House of Beauty Reopens in London

The British artist William Hogarth’s ‘Line of Beauty’ is central to the design philosophy of the Keno Bros., and is also reflected in many of the classical forms from Theodore Alexander.

With this in mind, we were delighted to discover that the London house of Hogarth re-opens this month following an intensive restoration project.

Hogarth's House as it stands today

Built in the early 18th century as a rural retreat for the artist, the interior has been restored using careful paint analysis and original architectural elements.

An interior view of the house prior to the devastating fire. Image reproduced from An interior view of Hogarth's House prior to the devastating fire. Image from Flickr user bramhall.

The house would have originally been surrounded by green fields and woodland (below), but has now been enclosed by London’s urban sprawl.

An early view of Hogarth's House in Chiswick. London

Hogarth’s ‘Line of Beauty’ is outlined in his 1753 book ‘The Analysis of Beauty’, a work that explores art, beauty and variety in nature.
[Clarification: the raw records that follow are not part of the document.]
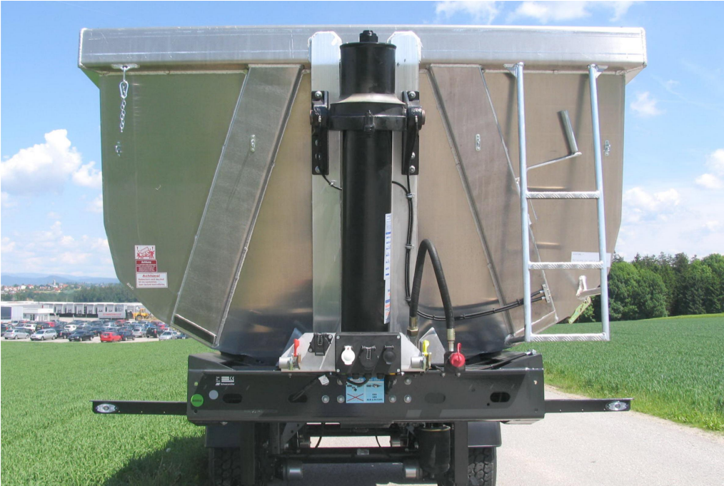
Schräge Vorderwand mit hartverchromtem, qualitativ hochwertigem Frontkippzylinder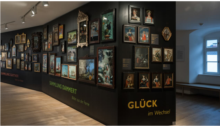
Schloßmuseum Murnau, Alfred Küng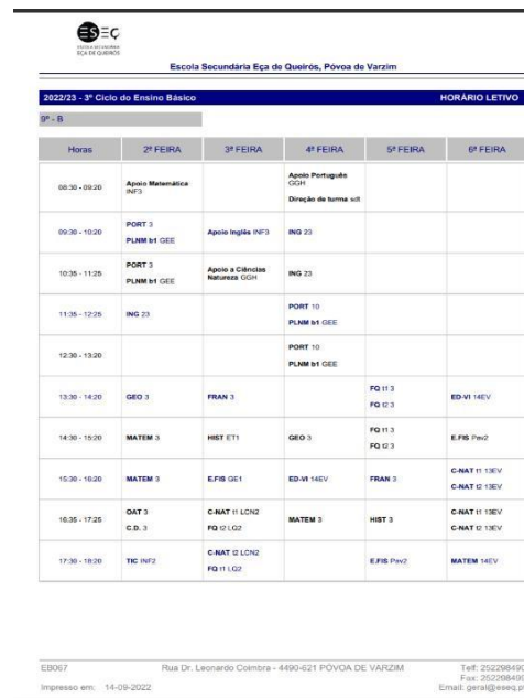
Figura 2 - Horário do NPES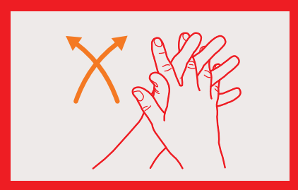
3. Handfläche auf Handfläche mit verschränkten, gespreizten Fingern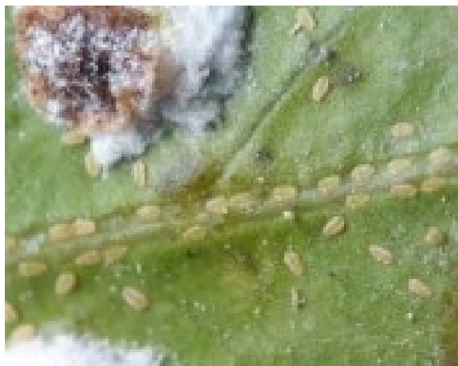
Figura 4. Detalle de larvas de Pulvinaria polygonata distribuyéndose por una rama para su alimentación. Generalitat Valenciana.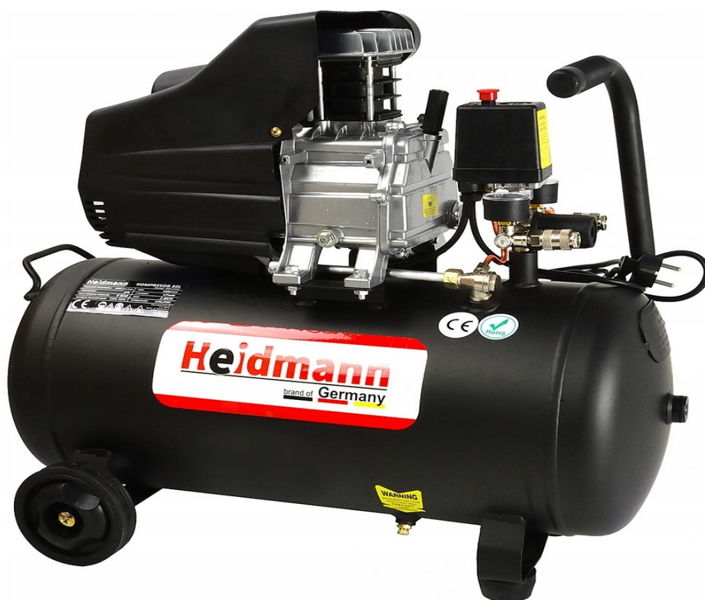
COMPRESSEUR D'HUILE 50L 8bar HEIDMANN H00721

L'un des compresseurs 50 litres les plus puissants disponibles sur le marché !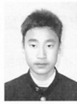
忠岡中学校 [忠岡南1丁目]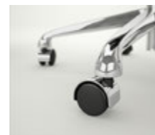
Ruedas dobles Ø 50 mm Rodes dobles Ø 50 mm / Roulettes doubles Ø 50 mm / Double wheels Ø 50 mm / Doppelaufrollen Ø 50 mm.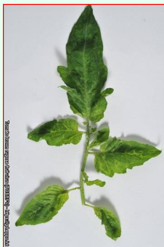
Listová mozaika na rajčiaku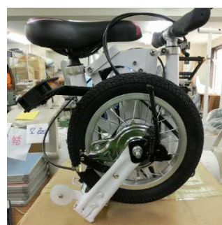
左側に前輪 右側に後輪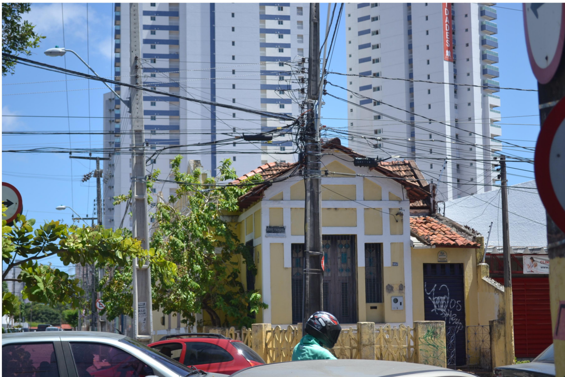
Imagem 1: Frente de verticalização resultante da instituição da ZOP, no Centro de Fortaleza: Av. Dom Manoel.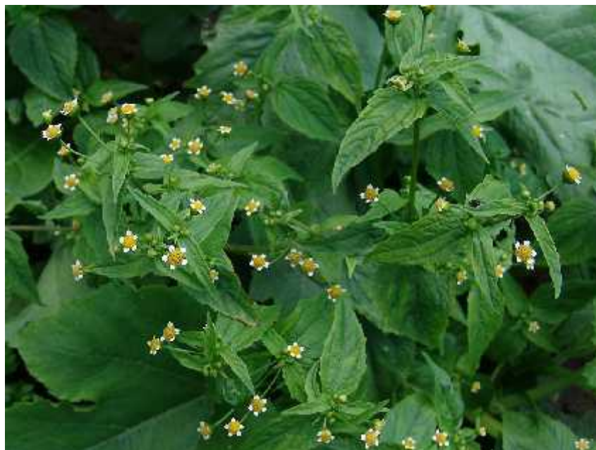
Slika 9. Galinsoga parviflora Cav. – habitus

According to Hogarth’s philosophy, S-shaped lines signify visual liveliness and captures the attention of the viewer in a way that a straight line cannot.

The Analysis of Beauty, by William Hogarth, 1753

As Leigh and Leslie Keno state:

Multiple curves with their undulations, peaks, and dips lead the viewer’s eye on a chase.

which is reflected in the gentle cabriole legs and serpentine forms of their designs.

Hogarth’s House is free to enter and is open 12 noon to 5pm Tuesday to Sunday.